Они остановились где-то к северу от ворот, в грязном обветшалом квартале, слишком бедном, чтобы Шэй разносила там посылки. Однако Бесподобный, казалось, точно знал, куда они направляются. Он показал ей на узкий, не шире ручной тачки, проходец между двумя низкими навесами и взял ее за руку. Она, приподняв подол платья, последовала за ним прямо по грязи. В конце темного, поросшего мхом проулка покачивалась на петлях вывеска таверны: скособоченная сорока уставилась на нее черным глазом. «Одна – к печали», – невольно прозвучал голос в ее голове, когда она переступила порог этого заведения вслед за Бесподобным.

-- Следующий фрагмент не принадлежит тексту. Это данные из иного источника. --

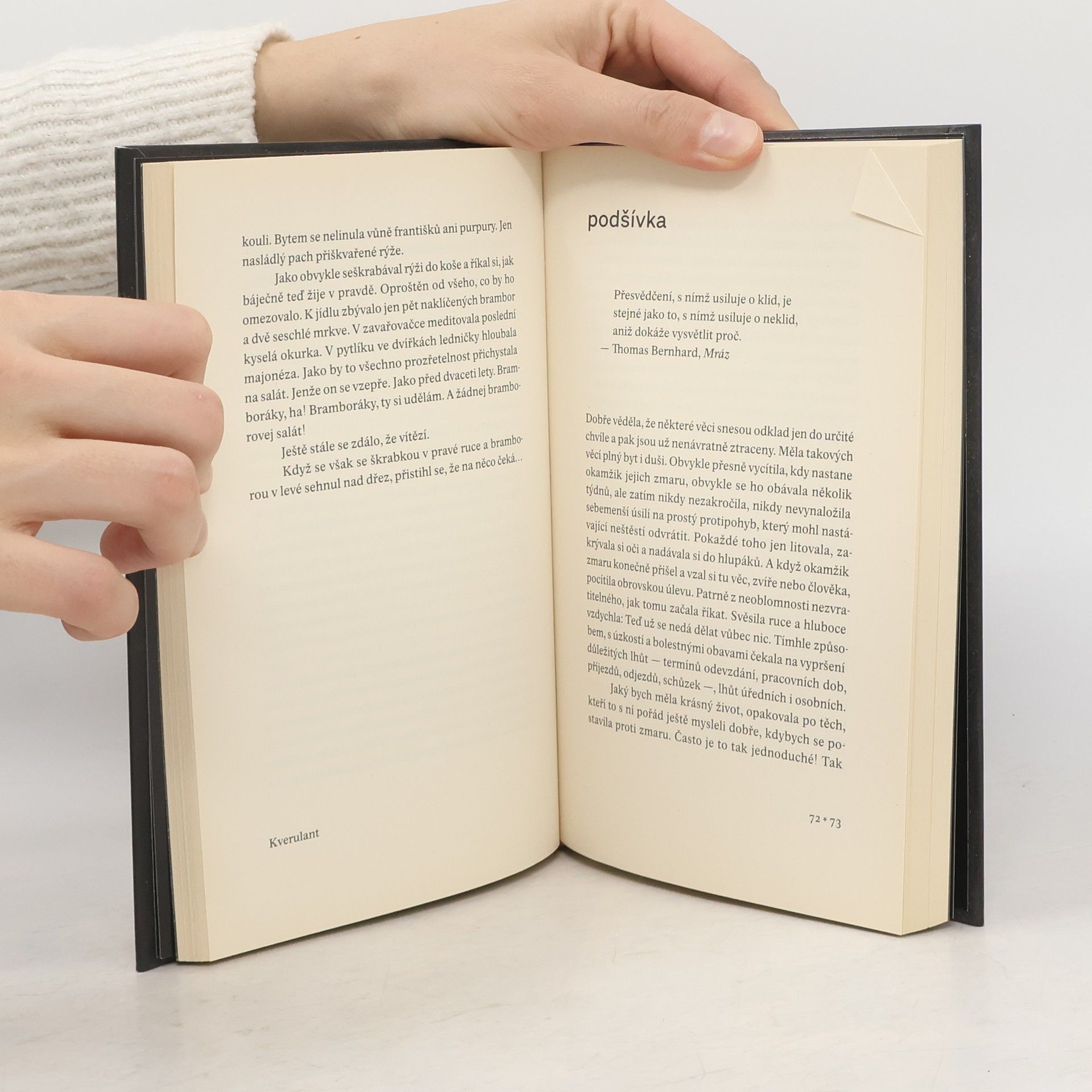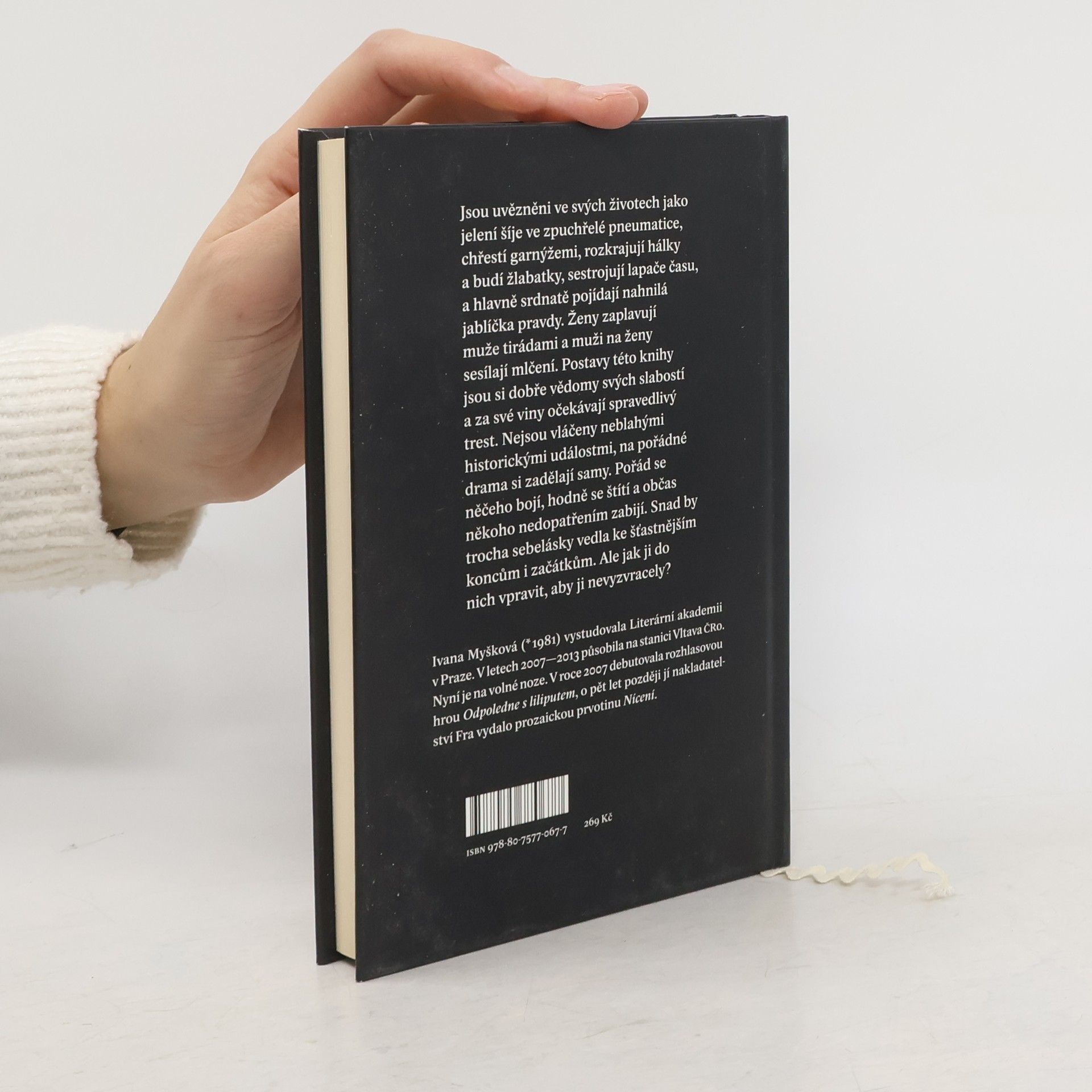 Postavy uvězněné ve svých životech jako jelení šíje ve zpuchřelé pneumatice. Chřestí garnýžemi, nosí si domů odstraňovače žmolků, sbírají vzorky vorvaního dechu, rozkrajují hálky a budí žlabatky, prokousávají se obludnými želatinovými medvědy, sestrojují lapače času, a hlavně srdnatě pojídají nahnilá jablíčka pravdy. Ženy zaplavují muže tirádami a muži ženy mlčením. Všichni jsou trochu nahluchlí a vychýlení z rovnováhy, tihle lidé možností, kteří čelí teroru nejednoznačnosti. Jsou si dobře vědomi svých slabostí, vad a chyb a očekávají za své viny spravedlivý trest v podobě klíče zmizelého pod podšívkou, pádu do vnitrobloku, vyhození z bytu vlastním hostem nebo znásilnění. Jestliže se Ivana Myšková v ceněné prozaické prvotině Nícení soustředila hlavně na co nejpřesnější zprostředkování zjitřených stavů hlavní protagonistky, tyto vytříbené povídky působí příběhověji a čiší z nich radost z fabulace. Jestliže byl literární jazyk Nícení cudný a současně ohýbaný až k zaumnosti, tady je Myšková věcnější, cyničtější a občas mravenčivě nemravná.

– Господа заядлые и азартные игроки, – голос Бесподобного прозвучал нервно в этом неприглядном тесном помещении. Шэй почувствовала подошвами колкий гравий пола, покрытого склизкой грязью, – я обнаружил настоящее сокровище.

Носком башмака он подтолкнул Шэй вперед, и она, слегка споткнувшись, вошла в круг света. Она не сводила взгляда с пламени свечей, горевших над темным кольцом выпивающей компании.

– Я нашел ее в доках, дрожащей под днищем лодки. Сбежала с корабля, наверное. Пуглива, как лань, но брыкается покруче мула. Не из наших краев, очевидно, и совсем не понимает по-английски. Я как раз собрался к нашему ученому доктору Ди на тот случай, если за нее назначат высокую награду, но, зная, как обитатели «Сороки» любят заключать пари, решил сделать крюк, – в таверне все притихли, а он зазывно продолжил: – За шиллинг можно угадать. Откуда приплыла наша загадочная чужестранка? Лучший ответ получает весь банк, за исключением, конечно, самой незначительной доли для банкира! – Он отвесил им легкий поклон.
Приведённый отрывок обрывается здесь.